Scientists around the world agree that if we’re going to avoid the worst-case scenarios from climate change, the planet needs to reach “net zero” carbon emissions no later than 2050. The odds of that actually happening don’t look great. And Darren Woods, CEO of ExxonMobil, thinks he knows whom to blame: you.
Saying that it’s not on Big Oil to address climate change is gaslighting at its best.
That’s right, the leader of the largest oil and gas corporation in the United States — and the biggest in the world that isn’t state-owned — thinks that “people who are generating the emissions need to be aware of [it],” according to a recent interview he gave on Fortune’s “Leadership Next” podcast. You might think that Exxon — the third-largest company on the Fortune 500, with $36 billion in profits last year alone — can and should shoulder the costs, but its CEO says that consumers should “pay the price.” Saying that it’s not on Big Oil to address climate change is gaslighting at its best.
In fairness to Woods, he didn’t place the blame solely on consumers. “The dirty secret nobody talks about is how much all this is going to cost and who’s willing to pay for it,” Woods said. “If you look at the policies [governments] are putting out, the cost is very implicit.
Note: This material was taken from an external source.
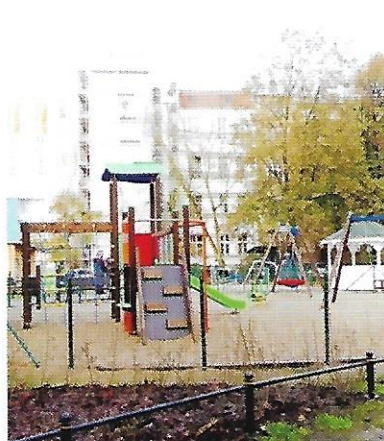
IX 2017 – budowa placu zabaw, kwartał ul. Monte Cassino, Felczaka, Niedziałkowskiego, Jana Pawła II, wartość inwestycji 143 tys. zł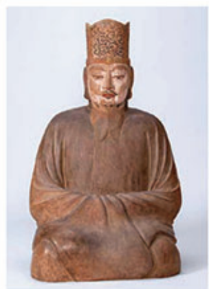
国宝 熊野速玉大神坐像(熊野速玉大社蔵)

It’s not an explicit cost.”
Instead, Woods said, there should be more transparency about what the costs of rolling back climate change will be and what the distribution of those costs will look like:
“People can’t afford it, and governments around the world rightly know that their constituents will have real concerns,” he went on. “So we’ve got to find a way to get the cost down to grow the utility of the solution, and make it more available and more affordable so that you can begin the [clean energy] transition.”
Society is not currently on that path to 2050, in Woods’ view. “The policies that are being put in place aren’t aggressive enough, and…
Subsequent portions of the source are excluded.